▶ **Data section**
○ ○ ○ ○

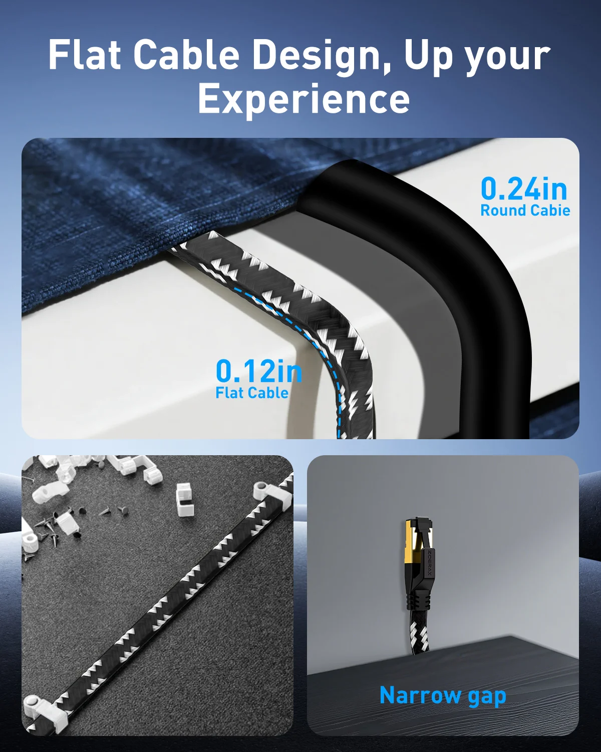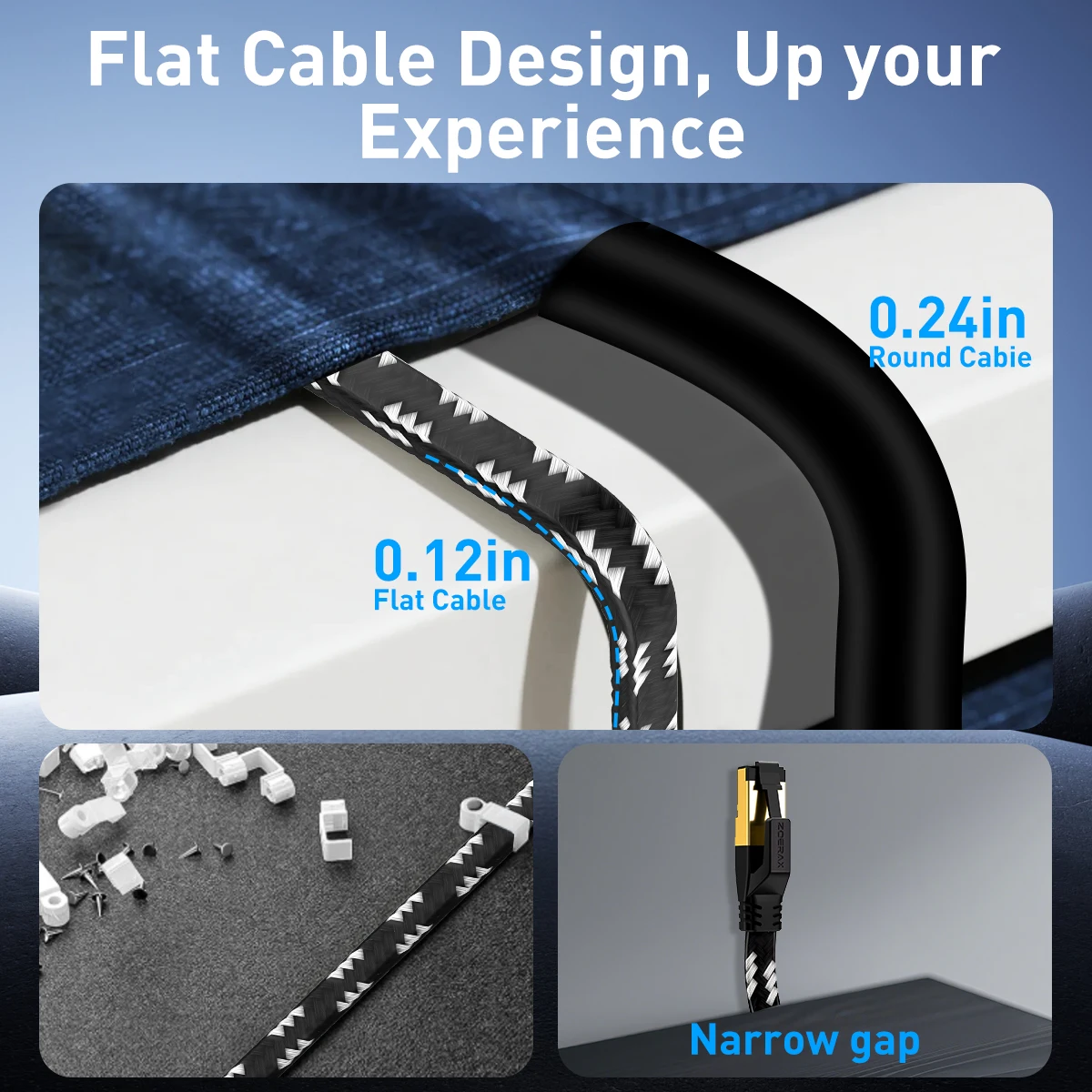 Ethernet Cable CAT8 Flat 40Gbps 2000MHz Rj45 Internet Network Cable Shielded Patch Cable Cat8 for PC Modem Laptop PS 5 Router
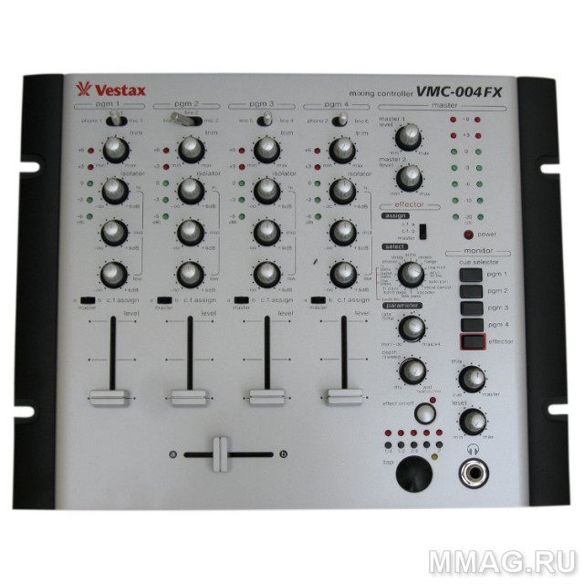 Профессиональный 4-х канальный dj-микшер, 3-х полосный EQ, 3-х диапазонный изолятор, входы: LINE INx6, PHONO INx2, MIC INx2 выходы: MASTERx2, MASTERx1, 1 выход на наушники.
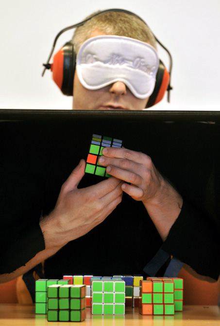 图为一名参赛者在参加盲赛。10月18日,匈牙利魔方大赛在首都布达佩斯举行,各路魔方高手展开对决。图片来源:中国新闻网
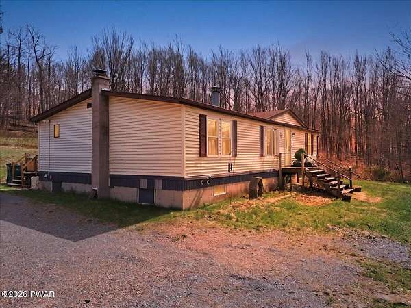 NEAR DUCK HARBOR POND - WHSD - MINUTES TO HONESDALE AND CALLICOON - Tucked away in the desirable Duck Harbor area, this manufactured single-level ranch offers privacy, space, and endless potential. Set on 5 mostly wooded acres, the property provides a peaceful retreat surrounded by nature while still being within reach of nearby amenities.The home features 3 bedrooms and 2 full bathrooms, Living Room with fireplace, all on one convenient level, with a practical layout designed for comfortable everyday living. A full unfinished basement offers ample storage, or the opportunity to create additional living space to suit your needs. Also includes a GENERAC generator.Outdoor enthusiasts will appreciate the close proximity to a recreation lake and the Delaware River, perfect for boating, fishing, and year-round enjoyment. Whether you're seeking a quiet primary residence, a weekend getaway, or an investment opportunity, this property delivers a rare combination of land, location, and potential.Bring your vision and make this serene retreat your own.

○ ○ ○ ○

▶ **Exercise goal**
Everything above from the line with "Профессиональный 4-х канальный" through the line with "图为一名参赛者在参加盲赛。1" should be retyped exactly, and nothing else; omit pictures.

▶ **Output below**
 Профессиональный 4-х канальный dj-микшер, 3-х полосный EQ, 3-х диапазонный изолятор, входы: LINE INx6, PHONO INx2, MIC INx2 выходы: MASTERx2, MASTERx1, 1 выход на наушники.
 图为一名参赛者在参加盲赛。10月18日,匈牙利魔方大赛在首都布达佩斯举行,各路魔方高手展开对决。图片来源:中国新闻网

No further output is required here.